Вздохнул – уже привык, что ничего о Кудеяре не слышно, кроме баек о том, что силён-де разбойник и найти-де окаянного никак невозможно.
– Каков на вид? На меня, верно, похож, каков ещё? – а сам подумал, что прав Биркин: надо, чтоб малёвщики со всех парсуны писали, тогда и будем знать, кто каков на вид.
Клоп, почтительно помолчав, сообщил, что из брянских лесов стало доходить от стукачей, что, возможно, Кудеяр там, в лесах, награбленное добро под огромными каменюгами прячет, отчего над камнями ночами вспыхивают огоньки и слышны стоны с плачем. Разрыли как-то под таким камнем – а оттуда нечто тёмное и шипящее взвилось в небо, а в яме ничего не нашли. Другие говорят, что Кудеяр своё грешное добро на старых кладбищах в могилы ховает. А иные сказывают, что убит Кудеяр давно, а под его именем разные шайки шуруют и шныряют.
На это живо откликнулся:
– Нет, жив он! Мне передали письмо от Васьки Грязно́го из крымского плена, выкупить его просит. Так Васька пишет, что все гады-изменщики, что от меня в Крым сбежали, куда-то запропастились: то ли перебил их Гирей, то ли перепродал османам. Но Кудеяр остался при дворе. Гирей ему уважение уделяет, братом называет и на трон московский посадить громогласно обещает!
Клоп пожал плечами:
– Может быть. Сам знаешь: османы – главные перекупщики краденого. Что татары наворуют – враз в Исламбул оптом на продажу тащат, хоть вещь, хоть человека. А ещё, государь, я слышал от одного грабилы, у нас за разбой сидящего, что будто бы Кудеяр в былые времена умудрился под видом опришника в твоём отряде служить и тут, в Александровке, столоваться.
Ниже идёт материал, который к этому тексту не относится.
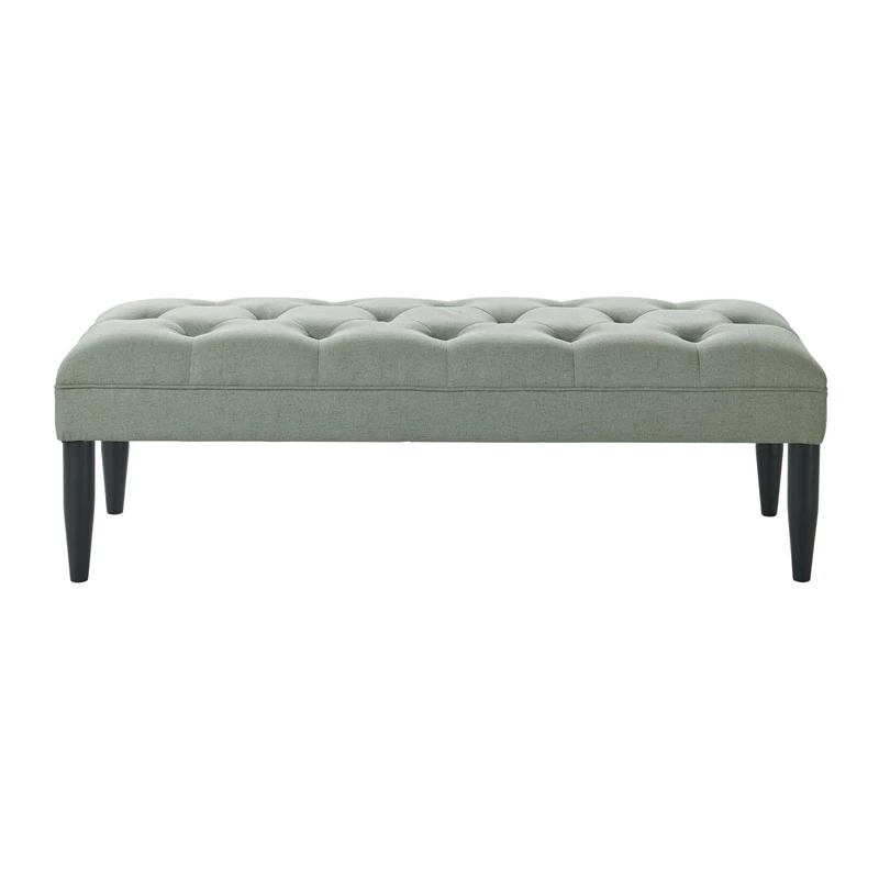 The Picket House Furnishings Aris Tufted Upholstered Bench is just what your entryway needs! This transitional style is rectangular in shape and features a button-tufted foam cushion seat. The diamond stitching instantly adds extra flair to this already stylish accent piece. Not only will this upholstered bench look great in your entryway, but it can also serve as a great piece for the foot of your bed while your getting ready and need a spot to get your shoes on. The dark espresso legs pair beautifully with the charcoal upholstery, making it easy to pair with any existing decor. Add the Aris Tufted Bench to your home today for a look that will never go out of style!

– Что? Кудеяр? В моём отряде? – В страхе отпрянул от Клопа так стремительно, что оступился и упал бы в снег, если бы дьяк не подхватил. – Как? Когда? Кто сказал?
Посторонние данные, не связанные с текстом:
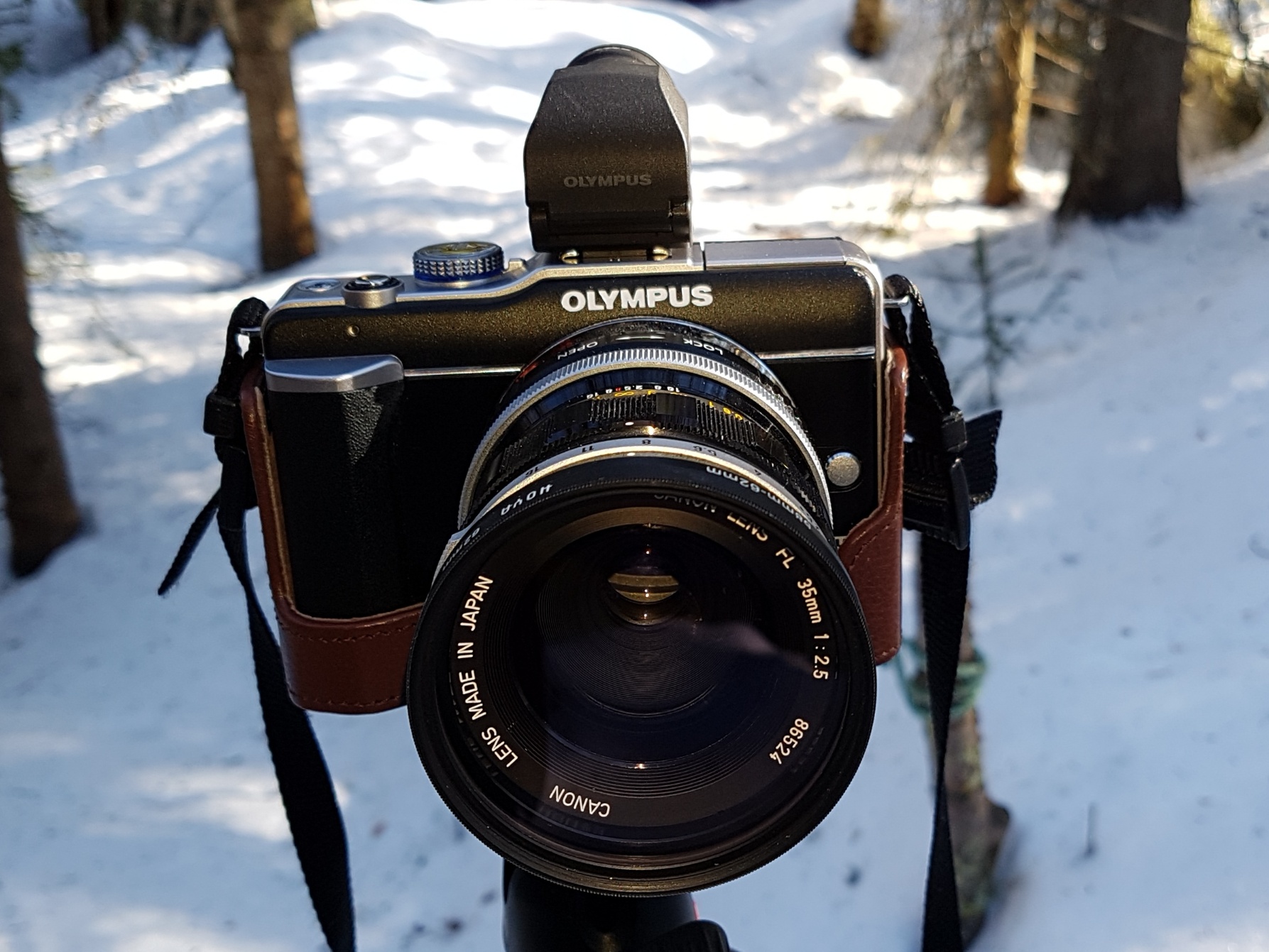 in den letzten Tagen hier oben kletterten die Temperaturen leicht in den Plusbereich und die Sonne „grinste“meist breit von einem fast wolkenlosen blauen Himmel auf diese Gegend herab. Gute Gründe für mich, die kürzlich erworbene Olympus Pen E-PL 1 auszuführen um daran mittels Adapter zwei Canon FL Objektive zu testen, welche ich mir bereits vor einiger Zeit mal zugelegt hatte.

Клоп, встав на колени, неспешно отряхнул царёв длиннополый тулуп:
– Сказывал грабила, что у тебя в отряде наёмников был некий Габор-Георг, то ли мадьяр, то ли поляк, то ли богемец, то ли силезец. А когда опришня была разогнана, то сбежал этот Габор и начал по лесам разбойствовать…
Всполошённо замер на месте:
– Да, Габор. Сигизмундович, Жигмонтович. Был такой, помню! Худоват, высок, всегда при каске и кольчуге… Ещё один глаз у него под веком застревал, отчего вид был, будто свысока смотрит. И по-нашему хорошо говорил, я даже удивлён был, а он объяснил с усмешкой, дескать, в моём роду россы были. Вот оно что! Вот какие россы у него в роду! Так он же меня тысячу раз убить мог! Или вынюхивать приходил? И вернётся, будь уверен! Вернётся, все ходы и выходы знает уже назубок, убивец! А? У? – Пополз страх по спине, по ногам, упёрся в пятки, заставив мелко дрожать и креститься неостановимым крестом.
О, Кудеяр – это не трусливое боярское быдло, что друг за друга, как бараны в стаде, прячется и только блеять и злобствовать способно, – это опасный враг!
Старшего брата боялся больше сатаны. Сатана – где? Всюду и нигде! А Кудеяр – вот он, живой, с мечом, с ватагами, своё царство назад требует! И вовсе не ясно, как Бог решит. Ведь он, Кудеяр, – первый сын батюшки Василия от законом венчанной жены Сабуровой, а он, Иван, второй, да от брака, коий ни церковью, ни Собором, ни народом, ни причтом не признан. И признан ли сей брак на Небесах – неизвестно.
Выдавил:
– Клоп, а проверь в Сытном приказе, откуда этот Габор прибыл, какой кошт получал, из какой мошны питался, где записан был!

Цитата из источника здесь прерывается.